[Saved entries]
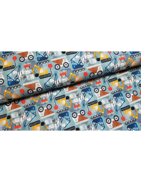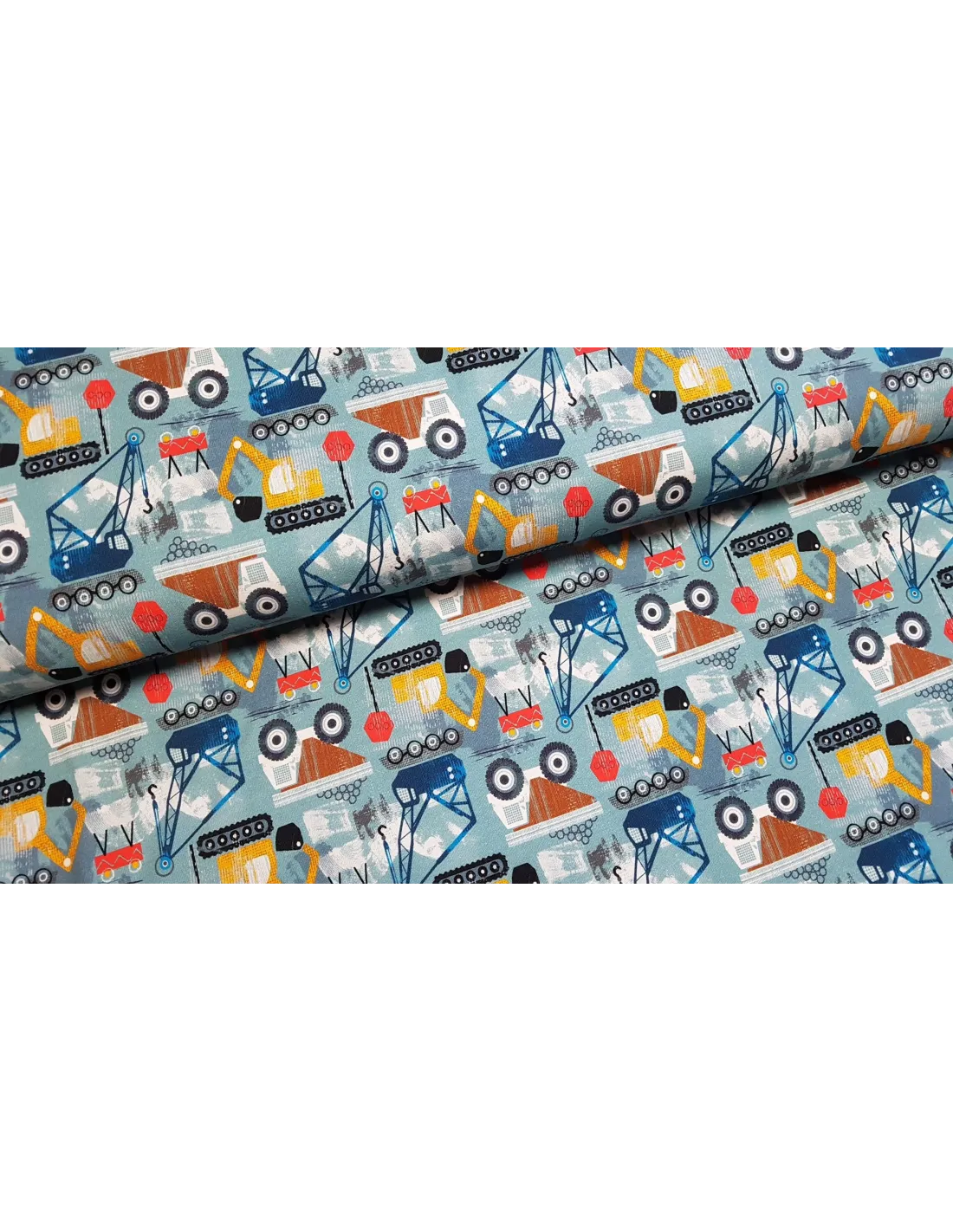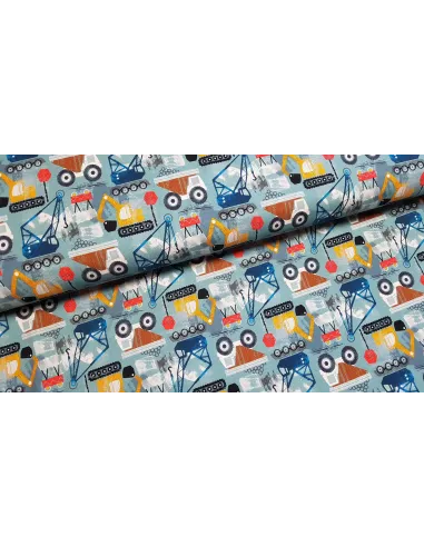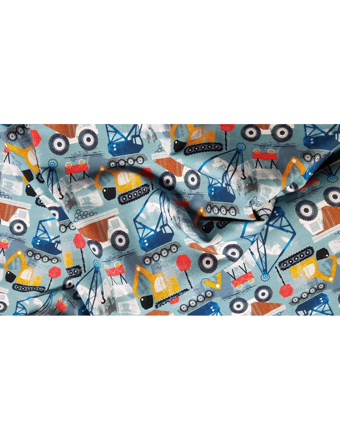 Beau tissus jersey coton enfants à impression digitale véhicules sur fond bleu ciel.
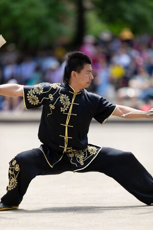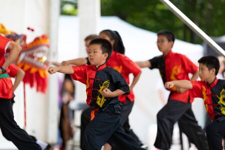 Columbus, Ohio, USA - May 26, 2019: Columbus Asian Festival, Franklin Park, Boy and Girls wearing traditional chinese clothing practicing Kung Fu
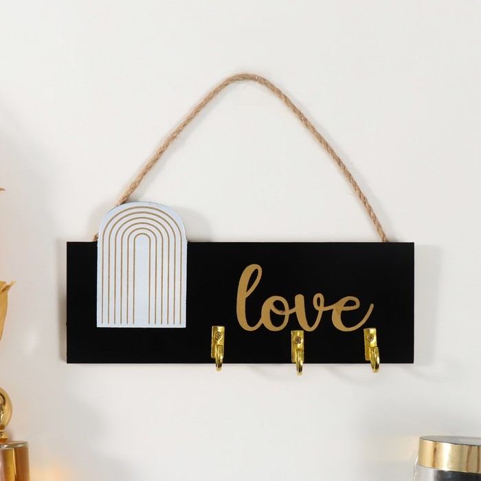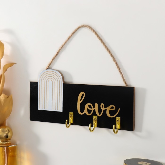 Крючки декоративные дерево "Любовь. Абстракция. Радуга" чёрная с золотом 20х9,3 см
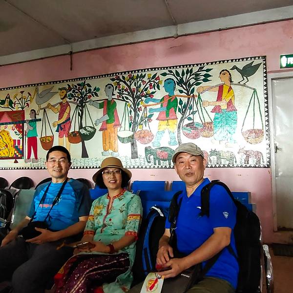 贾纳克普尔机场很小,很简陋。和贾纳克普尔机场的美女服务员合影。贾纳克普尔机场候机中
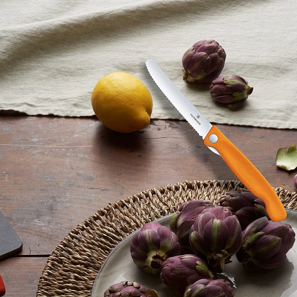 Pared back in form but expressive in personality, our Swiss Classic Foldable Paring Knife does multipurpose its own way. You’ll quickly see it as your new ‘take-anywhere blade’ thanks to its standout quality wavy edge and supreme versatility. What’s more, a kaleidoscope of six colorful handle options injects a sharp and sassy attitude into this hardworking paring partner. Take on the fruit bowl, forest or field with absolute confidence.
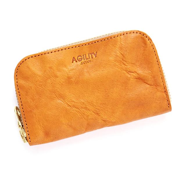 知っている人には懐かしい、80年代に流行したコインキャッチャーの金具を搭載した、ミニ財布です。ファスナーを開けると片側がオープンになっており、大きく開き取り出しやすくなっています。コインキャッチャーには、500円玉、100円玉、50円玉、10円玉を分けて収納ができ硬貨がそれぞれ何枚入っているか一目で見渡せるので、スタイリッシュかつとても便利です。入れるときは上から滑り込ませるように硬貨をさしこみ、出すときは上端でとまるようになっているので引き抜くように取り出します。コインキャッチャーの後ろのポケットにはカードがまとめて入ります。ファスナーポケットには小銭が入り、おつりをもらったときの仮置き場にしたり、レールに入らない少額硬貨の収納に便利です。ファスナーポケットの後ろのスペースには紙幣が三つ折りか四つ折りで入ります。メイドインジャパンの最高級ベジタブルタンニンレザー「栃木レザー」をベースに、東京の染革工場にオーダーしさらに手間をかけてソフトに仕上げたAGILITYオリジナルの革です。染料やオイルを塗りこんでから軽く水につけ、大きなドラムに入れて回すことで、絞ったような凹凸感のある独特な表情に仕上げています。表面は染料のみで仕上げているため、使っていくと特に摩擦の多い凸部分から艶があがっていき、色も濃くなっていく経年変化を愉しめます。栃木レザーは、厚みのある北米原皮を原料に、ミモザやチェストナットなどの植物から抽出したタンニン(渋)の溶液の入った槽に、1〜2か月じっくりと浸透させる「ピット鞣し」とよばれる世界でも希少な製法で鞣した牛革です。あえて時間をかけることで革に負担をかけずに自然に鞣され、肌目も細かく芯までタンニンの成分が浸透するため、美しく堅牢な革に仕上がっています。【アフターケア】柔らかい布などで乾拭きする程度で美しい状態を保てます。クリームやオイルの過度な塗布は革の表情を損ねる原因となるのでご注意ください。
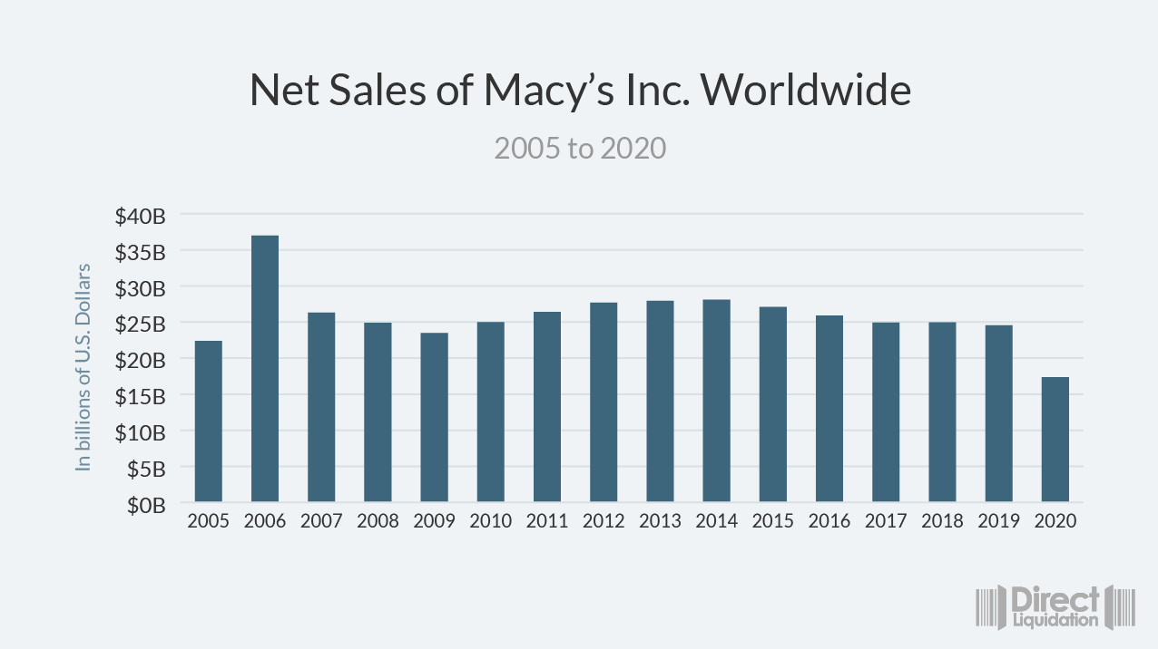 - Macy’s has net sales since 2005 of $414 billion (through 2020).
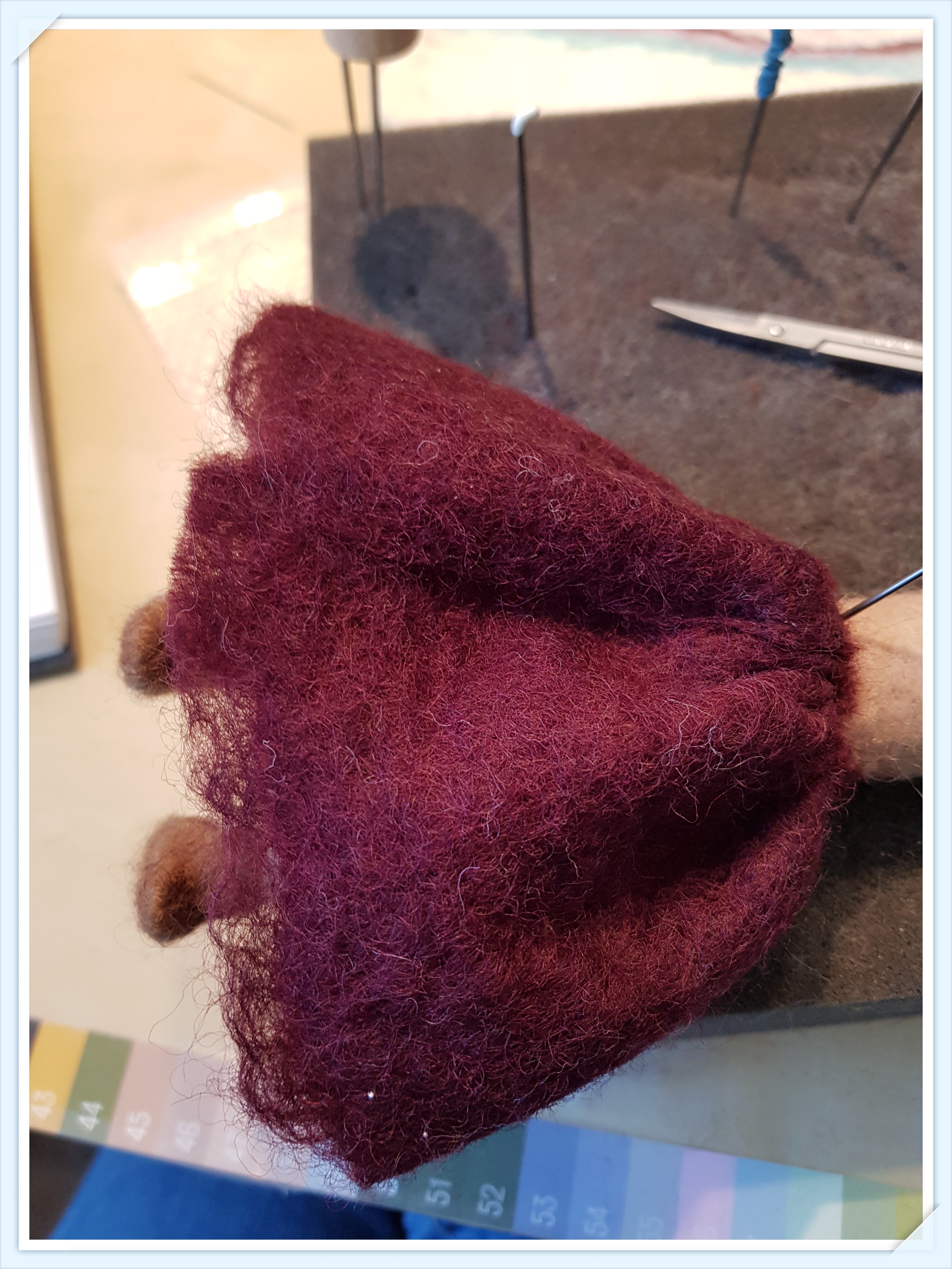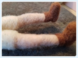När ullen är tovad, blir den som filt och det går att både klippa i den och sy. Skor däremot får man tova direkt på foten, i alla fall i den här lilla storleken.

--- Work to complete ---
Repeat the records above exactly, from the first line through the line that contains "Pared back in", and leave out the pictures.

--- Completed exercise ---
 Beau tissus jersey coton enfants à impression digitale véhicules sur fond bleu ciel.
 Columbus, Ohio, USA - May 26, 2019: Columbus Asian Festival, Franklin Park, Boy and Girls wearing traditional chinese clothing practicing Kung Fu
 Крючки декоративные дерево "Любовь. Абстракция. Радуга" чёрная с золотом 20х9,3 см
 贾纳克普尔机场很小,很简陋。和贾纳克普尔机场的美女服务员合影。贾纳克普尔机场候机中
 Pared back in form but expressive in personality, our Swiss Classic Foldable Paring Knife does multipurpose its own way. You’ll quickly see it as your new ‘take-anywhere blade’ thanks to its standout quality wavy edge and supreme versatility. What’s more, a kaleidoscope of six colorful handle options injects a sharp and sassy attitude into this hardworking paring partner. Take on the fruit bowl, forest or field with absolute confidence.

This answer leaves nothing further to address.